Taiwanese-American artist and filmmaker

Shu Lea Cheang (鄭淑麗 (Zhèng Shúlì); born April 13, 1954) is a Taiwanese-American artist and filmmaker who lived and worked in New York City in the 1980s and 1990s, until relocating to Europe in 2000. Since the 1980s, as a multimedia and new-media artist, she has navigated topics of ethnic stereotyping, sexual politics, and institutional oppression with her radical experimentations in digital realms.

Over the past decade, she has emerged as a prominent figure in new media art. Cheang is one of the leading multimedia artists dealing with multidisciplinary topics. She is regarded as a pioneering figure in internet-based art, with her multimedia approach at the interface between film, video, internet-based installation, software interaction and durational performance. Her work is often interactive. She is most noted for her individual approach in the realm of art and technology, creatively intermingling social issues with artistic methods.

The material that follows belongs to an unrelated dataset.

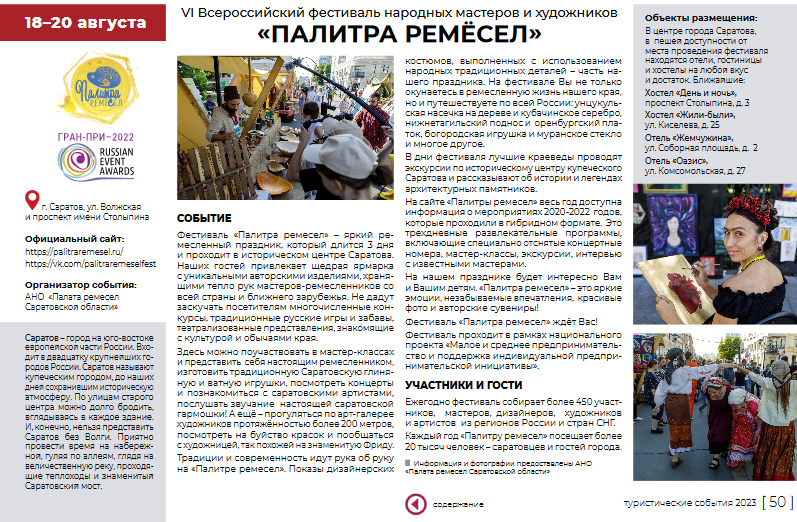 Сборник размещен на официальном сайте Национальной премии Russian Event Awards, гран-при которой был удостоен фестиваль "Палитра ремесел" в прошлом году.
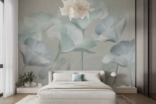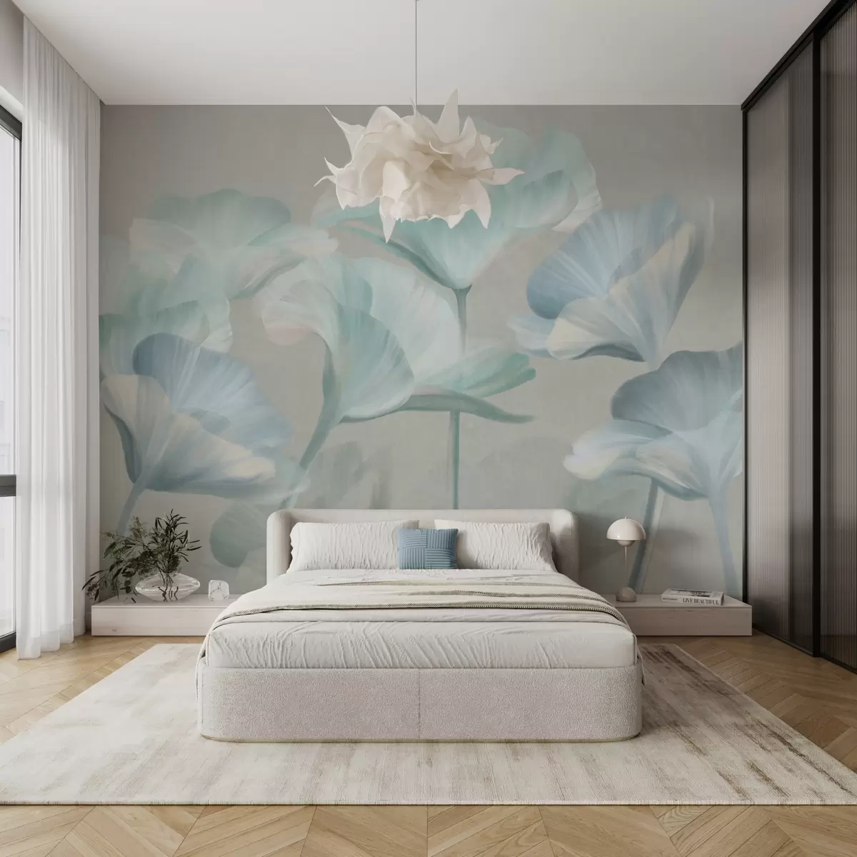 Papier peint photo Fleurs de lotus translucides texturées, de couleur turquoise pâle, aux pétales délicats, sur fond gris discret. N° w09640v2

Cheang's work employs film, video, net-based installation, and interface to explore "...ethnic stereotyping, the nature and excesses of popular media, institutional – and especially governmental – power, race relations, and sexual politics." Cheang has also written and directed the feature films I.K.U. and Fluidø, and directed Fresh Kill.

==Life and career==
Cheang was born during a time when Taiwan was under martial law in 1954. Cheang received a BA in history from the National Taiwan University in 1976 and an MA in Cinema Studies from New York University in 1979. From Taiwan, Cheang moved to New York in the 1980s. She admitted to feeling liberated after moving, calling it a process of “self-acknowledgment and affirmation.” Her art career seeded and bloomed in New York. Shortly after she moved to New York, she joined the collective Paper Tiger Television and started producing live weekly programs that used public-access channels to reach cable subscribers.

After 20 years in New York, she went on a decade of a self-imposed lifestyle as a digital nomad which she says “liberated me from monthly fixed payments of rent, electricity and phone bills.” She lived in Japan, Holland, the United Kingdom, and finally relocated to Paris in 2007, where she currently works and resides. Cheang concluded her 20 years spent in New York with Brandon (1998–1999), the first Guggenheim Museum web art commission/collection.

Tough social themes such as racial politics help progress her work. She recalls, “When I first got to New York, I was more concerned about certain kinds of racial discrimination or stereotypes of being an Asian woman — there were many different kinds of fantasies about Asian women.”

=== 2019 Venice Biennale ===
Shu Lea Cheang represented Taiwan at the 58th Venice Biennale in 2019. She is the first woman to represent Taiwan with a solo-exhibition. Her site-specific work was installed at the Palazzo delle Prigioni, a former prison across from the Palazzo Ducale in Piazza San Marco. Curated by philosopher Paul B. Preciado, the immersive installation explored pervasive technologies of control, from surveillance to incarceration, drawing from historical and contemporary cases in which people have been imprisoned due to their gender, sexual orientation, or race.

=== The Influencers 2019 ===
In her talk for The Influencers 2019, "Genre Bending Gender Fxxxking", Cheang reflects on her eventful trajectory mixing, messing genres and genders in her multi-disciplinary art practices, from BRANDON (1998–1999, Guggenheim Museum), 3x3x6 (2019, Venice Biennale) to her current projects in process, UNBORN0x9 and UKI, an interruptive cinema.

==Notable works==
Color Schemes, is an interactive three-channel video installation exhibited at the Whitney Museum of American Art in 1990. The video features people of different ethnicities and reveals the complex attitudes surrounding ethnic stereotyping embedded in American Culture.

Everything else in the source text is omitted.